Given the complexity, diagnosing these rejections can be challenging. It requires careful analysis of bounce messages and potentially direct communication with the third party's email team to understand their sending infrastructure and reputation. In some cases, it might even require reaching out to the specific ISP postmaster for clarification, as seen with some sudden rejections by Gmail.

Views from the trenches

Best practices
Ensure third-party senders have robust email authentication (SPF, DKIM, DMARC) properly configured and aligned with your domain for maximum deliverability.
Regularly monitor your own domain's reputation using tools like Google Postmaster Tools and encourage partners to do the same for their sending domains.
Advise third parties to maintain clean email lists and avoid sending to unengaged or old contacts to minimize spam complaints and maintain a healthy sender reputation.
Collaborate with partners to review email content and link practices, ensuring they avoid spammy triggers, excessive links, or deceptive link formatting.
Common pitfalls
Assuming your domain's good reputation automatically extends to emails sent by third parties, as ISPs evaluate the actual sender's reputation.
Ignoring the specific bounce messages received, which often contain clues about why the email was rejected (e.g., blocklist mentions, authentication failures).
Failing to communicate clear email sending guidelines and authentication requirements to partners who link to your website.
Overlooking deceptive link practices, such as mismatched display URLs and actual target URLs, which can trigger fraud filters.
Expert tips
Always advise partners to use dedicated subdomains for their email sending, if possible, to isolate any reputation issues from their main domain.
Implement a DMARC policy with reporting (p=none) to monitor how third parties are sending emails on your behalf and identify any authentication failures.
Conduct periodic email deliverability tests from your partners' sending environments to proactively identify potential rejection issues with links to your site.
Educate partners on the importance of email engagement metrics; low opens and high spam complaints directly impact sender reputation for linked content.
Expert view
Expert from Email Geeks says a common issue is when the visible link text in an email differs from the actual URL. This can trigger fraud warnings from ISPs.
2024-03-10 - Email Geeks
Marketer view
Marketer from Email Geeks says they found their partner's emails were being rejected because of suspicious URL patterns like using a dash instead of a dot in a domain-like segment, which looked like phishing.
2023-11-20 - Email Geeks
The rejection of third-party emails linking to your website can be traced back to several factors, often a combination of the third party's sender reputation, their email authentication practices, and the content and structure of their emails.

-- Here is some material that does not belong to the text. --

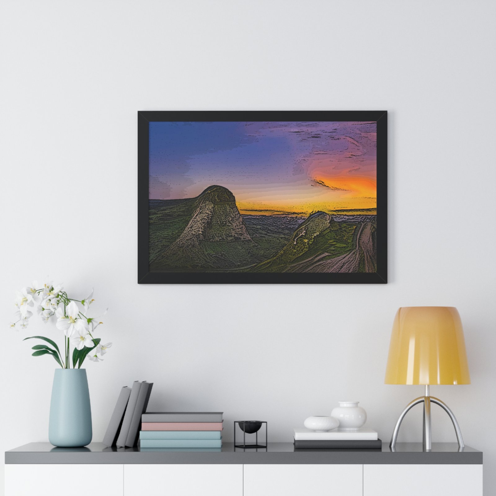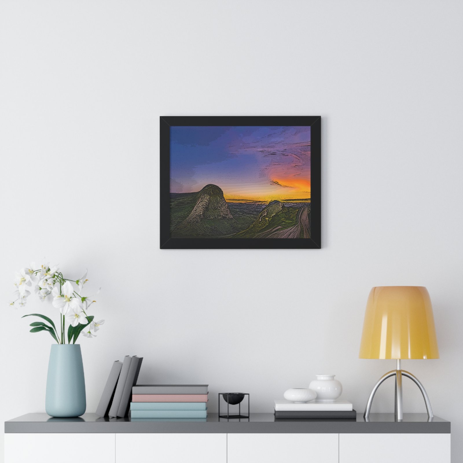 Available in four sizes and two framing colors, these archive-worthy ink and photo paper enrich any applied design. A premium hardware inclusion on the backside guarantees clean hanging; making sure that the premium horizontal poster’s design comes across as it should.

ISPs are diligent in protecting their users from unwanted or malicious content, and any red flag, even a subtle one, can lead to a block.
Proactive measures, such as ensuring your partners adhere to strong deliverability best practices and properly authenticate their emails when sending on your behalf, are essential. Regularly reviewing bounce messages for specific rejection reasons and using tools to monitor your domain and their sending IPs can help you pinpoint issues quickly. This allows for effective communication and troubleshooting to ensure that all legitimate emails, regardless of who sends them, reach the inbox.